IN THE ORCHARD  by Eliza Minot

A long prose poem to motherhood describes this sweet and tender novel. Over the course of one day, a mother of four—from infant to preteen—ruminates on the minutia of parenting and expands it to the larger transcendence of the meanings we take from life. What worries our narrator? Money—the lack of it, the family’s debt, with no remedy in sight. Minot effortlessly moves through the memory of the narrator’s childhood and her mother’s death but returns to the present as if all of the past is distilled into this ordinary day. Loved it! 

Favorite line(s): Like the horse, Maisie is always looking out, at woods, at the edge of something like a body of water, out a window, down a hill, like a forest, looking out at the edge of herself, scanning its border and periphery, feeling part prey and part on-the-lookout, but also part commander in charge, the protector of all protectors, but also vulnerable and small. Caring for a baby made one languish and flourish at the same time. Time was swallowed, and simultaneously she felt full and empty. Everything was so delicate, while everything was also so strong. Why was that? Was it because that is what being alive, overall, is like, really? A series of languishments and flourishes, of withering and blooming, that work off of each other? And wasn’t caring for a baby pretty much a lesson for caring for life in general? Life never cried out for help and attention; life doesn’t car whether it is lived or not. But a baby will remind you that your life needs attention and affection: your life needs effort; your life needs care.

 

TOM LONG by Ann Patchett

Lara, once an almost famous actress with her start as Emily in Our Town, falls in love with her co-star, Peter Duke. When that fizzles out, Lara leaves her acting career behind and marries the director of the summer theatre where she performed. Years later, during the pandemic, Lara’s three grown daughters return home to the family’s cherry farm in northern Michigan. While hunkered down picking cherries, the daughters grill their mother on her romantic past with Peter Duke and why she left acting. A gorgeous meditation on the mother-daughter relationship and how the past doesn’t define a whole life. 

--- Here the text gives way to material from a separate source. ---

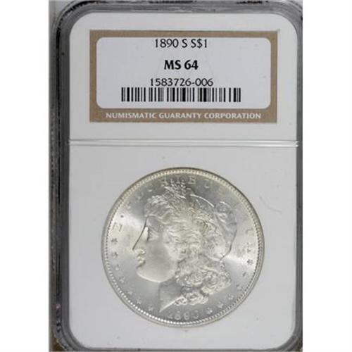 <B>1890-S $1 MS64 NGC.</B></I> NGC Census: (1745/322). PCGS Population (2278/656). Mintage: 8,230,373. Numismedia Wsl. Price for NGC/PCGS coin in MS64: $220. (#7202)<BR><BR><B>Coin Engraver:</B> George T. Morgan<BR><BR><b>Shipping:</b> Coins & Currency (<a target="_blank" href="http://www.heritageauctions.com/common/shipping.php">view shipping information</a>)

Favorite line(s): There is no explaining this simple truth about life: you will forget much of it. The painful things you were certain you’d never be able to let go? Now you’re not entirely sure when they happened, while the thrilling parts, the heart-stopping joys, splintered and scattered and became something else. Memories are then replaced by different joys and larger sorrows, and unbelievably, those things get knocked aside as well, until one morning you’re picking cherries with your three grown daughters and your husband goes by on the Gator and you are positive that this is all you’ve ever wanted in the world.

 

ROMANTIC COMEDY by Curtis Sittenfeld (AUDIO)

Sally writes comedy sketches for “The Night Owls,” a takeoff on Saturday Night Live. The host and musical guest is heartthrob pop singer Noah Brewster. Sally helps Noah with a sketch he wants included in Saturday’s lineup. There are sparks between them as they exchange witty repartees (Sittenfeld is a genius at writing dialogue), but Sally thinks it’s all a ruse. No one that good-looking, that famous, would ever consider a romantic relationship with her. Sally has written another sketch about how dating out of one’s league doesn’t apply to women. She makes fun of her office partner, Danny, a schlubby senior writer on the show who is engaged to a beautiful young actress. You see where this is going. Sally, the embittered, average-looking female, can’t believe someone like Noah would actually like her more than a friend. I won’t spoil the ending.

 

YELLOWFACE by R.F. Kuang (AUDIO)

June Hayward is a fledgling novelist without new work when her frenemy, Athena Liu, chokes on a pancake and dies. Before calling the police, June steals the pages of Athena’s manuscript. She rewrites the novel, filling in missing pieces from research, and publishes the work as her own. June is white. Athena, Asian. The story reads like a thriller as we hold our breath, waiting for the truth to come out. But as soon as one aspect of the puzzle is revealed, the story shifts to another, letting the character controlling the narrative to determine who tells the story of one’s work, of one’s culture. The themes are as much about appropriation, exploitation, and racism as they are about the broader question of who gets to tell the story.